I wanted to ask you: Is it difficult to stay on top of affairs here [in the Czech Republic], from Glasgow, to have a good overview of what's happening here?

"I suppose it is difficult, but on the other hand the world is now so interconnected. You can get most of the stuff on the 'net. I have collaborators here who mostly cover local affairs.

"Frankly, this is maybe also quite unkind, if I look through the Czech newspapers, I find many of the concerns not terribly important.

"I think being 2,000 miles away from here gives you a bit of a detachment, which is very useful because you realise the newspapers may start going on about something and it's actually nonsense. You actually realise, or maybe local people realise...because they're in the middle of it, they don't necessarily feel this. But maybe later, six months later, they realise.

"If you think of various kinds of scandals a year later, you discover what a lot of fluff it really was. When you are slightly detached from it, maybe you see this slightly sooner."

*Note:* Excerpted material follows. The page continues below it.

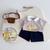 SB2330- bộ cộc tay túi viền dây in chú cũn phối quần karo cún

I know you also teach here in Ostrava, in Prague, in Brno. What does that give you coming here every year to teach occasionally?

"It's very useful for me because frankly when I teach Czech subjects for the United Kingdom it often has to be from scratch and I have to take it from basic principles. Here you can do that on a slightly more advanced level.

"Having said that, students in Britain and now students in the Czech Republic - they don't have a clue about communism. They were about six when communism fell. So what do you do? So in a way it's similar.

"But on the other hand, no, sometimes, some students here are - well, I wouldn't say more interested - but more knowledgeable. So you can take it further. Over the years I've made some very, very useful contacts.

"What I really value is the contact with young people, because actually it keeps you on your toes."